§ TASK TO COMPLETE: An exact transcription of all the data is required; the pictures are to be left out.

§ SOURCE DATA:
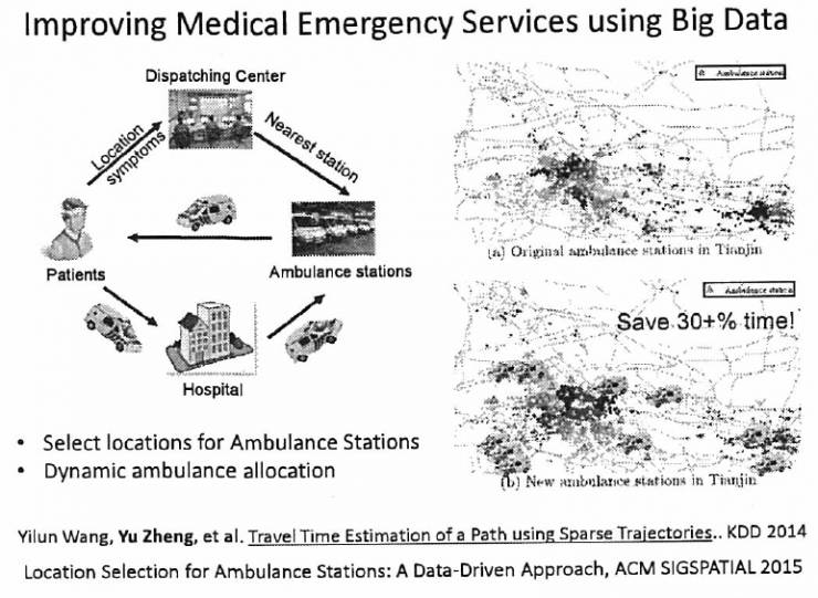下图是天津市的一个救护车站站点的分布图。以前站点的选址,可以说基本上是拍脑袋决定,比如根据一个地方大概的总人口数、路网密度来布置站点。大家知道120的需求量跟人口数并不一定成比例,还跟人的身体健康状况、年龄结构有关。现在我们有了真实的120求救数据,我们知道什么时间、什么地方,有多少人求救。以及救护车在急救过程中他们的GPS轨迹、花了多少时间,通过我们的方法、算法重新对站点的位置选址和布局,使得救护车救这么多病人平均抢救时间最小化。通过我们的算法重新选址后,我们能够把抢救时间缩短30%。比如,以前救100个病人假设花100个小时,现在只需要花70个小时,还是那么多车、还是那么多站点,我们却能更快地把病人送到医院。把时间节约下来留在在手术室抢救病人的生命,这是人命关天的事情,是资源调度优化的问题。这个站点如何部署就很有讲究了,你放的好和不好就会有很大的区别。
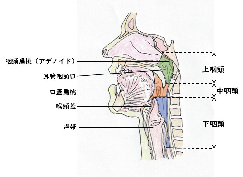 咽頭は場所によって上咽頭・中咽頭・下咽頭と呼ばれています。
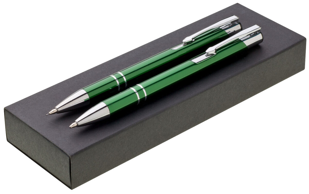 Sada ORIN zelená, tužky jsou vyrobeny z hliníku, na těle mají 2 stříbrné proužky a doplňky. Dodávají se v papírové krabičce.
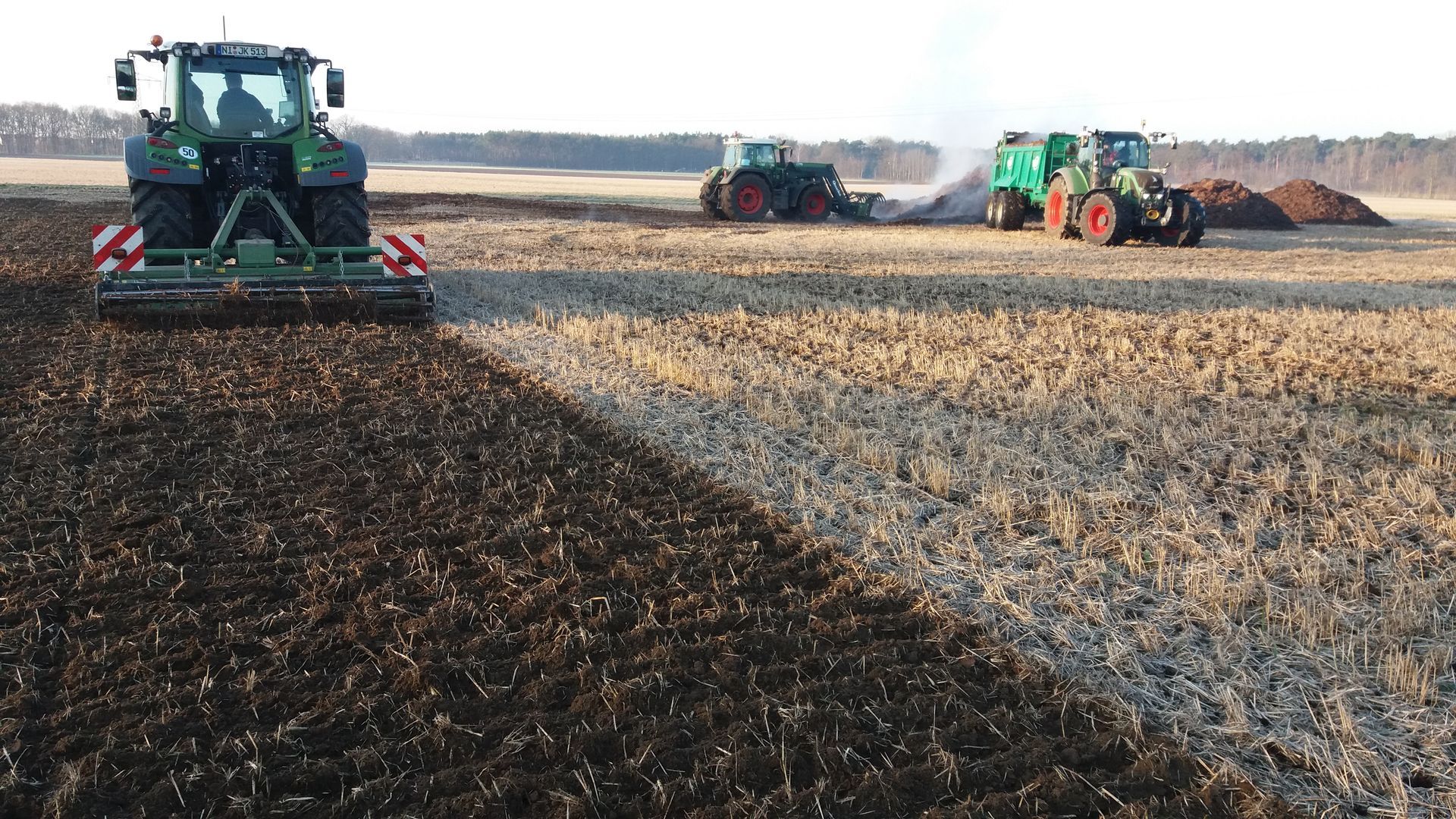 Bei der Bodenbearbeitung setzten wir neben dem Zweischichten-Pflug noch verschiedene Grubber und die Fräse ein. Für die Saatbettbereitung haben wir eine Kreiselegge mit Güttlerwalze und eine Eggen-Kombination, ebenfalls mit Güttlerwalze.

§ TASK OUTPUT:
下图是天津市的一个救护车站站点的分布图。以前站点的选址,可以说基本上是拍脑袋决定,比如根据一个地方大概的总人口数、路网密度来布置站点。大家知道120的需求量跟人口数并不一定成比例,还跟人的身体健康状况、年龄结构有关。现在我们有了真实的120求救数据,我们知道什么时间、什么地方,有多少人求救。以及救护车在急救过程中他们的GPS轨迹、花了多少时间,通过我们的方法、算法重新对站点的位置选址和布局,使得救护车救这么多病人平均抢救时间最小化。通过我们的算法重新选址后,我们能够把抢救时间缩短30%。比如,以前救100个病人假设花100个小时,现在只需要花70个小时,还是那么多车、还是那么多站点,我们却能更快地把病人送到医院。把时间节约下来留在在手术室抢救病人的生命,这是人命关天的事情,是资源调度优化的问题。这个站点如何部署就很有讲究了,你放的好和不好就会有很大的区别。
 咽頭は場所によって上咽頭・中咽頭・下咽頭と呼ばれています。
 Sada ORIN zelená, tužky jsou vyrobeny z hliníku, na těle mají 2 stříbrné proužky a doplňky. Dodávají se v papírové krabičce.
 Bei der Bodenbearbeitung setzten wir neben dem Zweischichten-Pflug noch verschiedene Grubber und die Fräse ein. Für die Saatbettbereitung haben wir eine Kreiselegge mit Güttlerwalze und eine Eggen-Kombination, ebenfalls mit Güttlerwalze.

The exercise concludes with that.